Paragon Globe Berhad (PGB) continues to demonstrate disciplined capital management and strategic balance-sheet optimisation through its latest proposed disposal of a 5.4451-hectare freehold parcel in Tanjung Kupang, Johor to GSP Automotive Malaysia Sdn. Bhd. for a cash consideration of RM64.47 million.
The transaction crystallises an estimated net gain of RM22.14 million, substantially above the land’s book value of RM25.97 million and more than double its acquisition cost of RM24.34 million in 2025.
The disposal proceeds will be directed toward loan repayment (RM35.46 million), resulting in lower gearing and annual interest savings of approximately RM0.96 million, with the remainder allocated to working capital and future project deployment. This financial outcome underscores the Group’s ability to unlock value from its landbank while strengthening cash flow resilience and funding flexibility.

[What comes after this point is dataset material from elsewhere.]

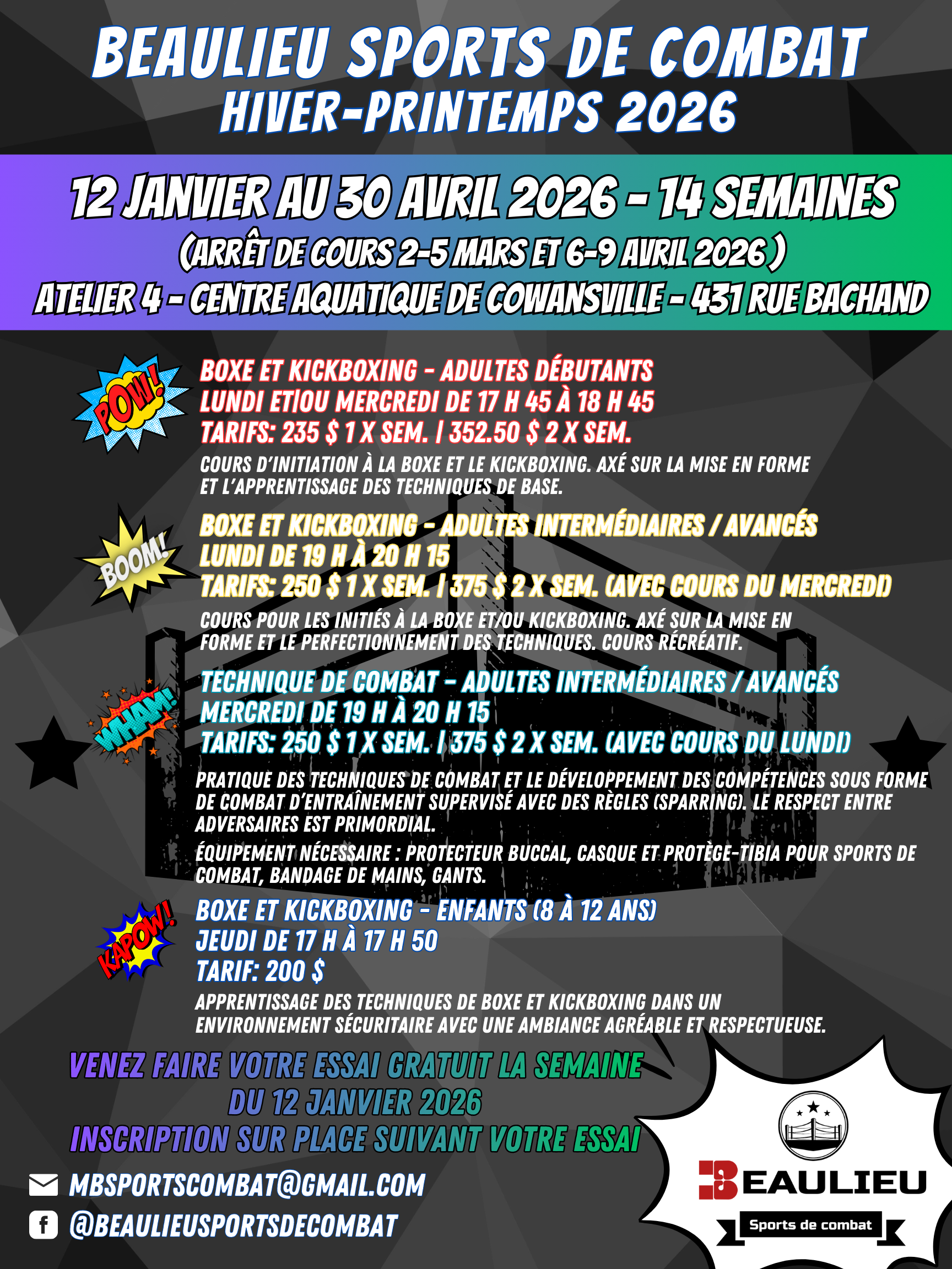 mbsportscombat@gmail.com | Facebook : Beaulieu Sports de combat

Importantly, the Group has clarified that the transaction does not compromise the viability of the broader industrial development originally planned for the area. The land formed part of a larger proposed industrial and workers’ accommodation development with a total GDV of RM537.9 million; PGB intends to realign the development plan and proceed with the remaining land parcels, preserving long-term project value.

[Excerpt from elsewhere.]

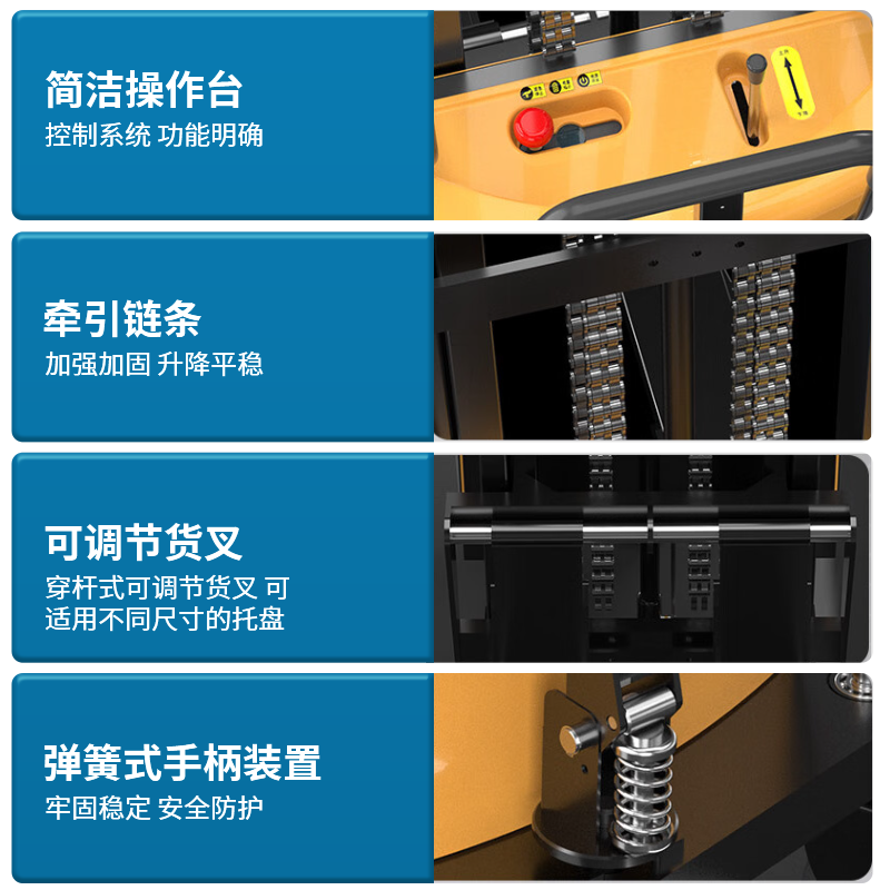 揚子堆高車YZ-B系列是半自動的堆垛機,對于預(yù)算有限,想要達到一定效率的客戶來說是最好的選擇,而且這款半自動電動堆高車采用加厚貨叉,密封油缸,產(chǎn)品質(zhì)量經(jīng)過多方檢測,更加耐用。

When viewed within the broader context of Johor’s property and industrial uplift, the disposal outcome is notable. PGB’s landbank is strategically positioned within high-growth zones such as Tanjung Kupang, Iskandar Puteri and Pulai—areas benefitting directly from structural catalysts including the Johor–Singapore Special Economic Zone (SEZ), the upcoming RTS Link, and rising cross-border industrial demand. The transacted price achieved in this disposal further validates the underlying market value of these assets, which the equity market continues to underappreciate.
On a relative basis, PGB remains one of the most undervalued listed developers in Johor, trading below the implied value of its strategically located land assets and potential recurring-income projects. The demonstrated ability to monetise land at significant premiums reinforces the mismatch between the Group’s asset values and its current market valuation.
With the disposal expected to complete by 4Q 2026, PGB will enter its next development phase with a strengthened balance sheet, clearer capital allocation pathway, and improved financial headroom to execute its GDV pipeline. Combined with Johor’s accelerating industrial and infrastructure cycle, the Group is positioned to benefit from both improved sentiment and increasing investor attention on developers with high-quality landbanks in prime economic corridors.
This latest exercise enhances visibility on value creation, supports balance-sheet optimisation, and underscores PGB’s position as an undervalued yet strategically advantaged Johor developer with re-rating potential.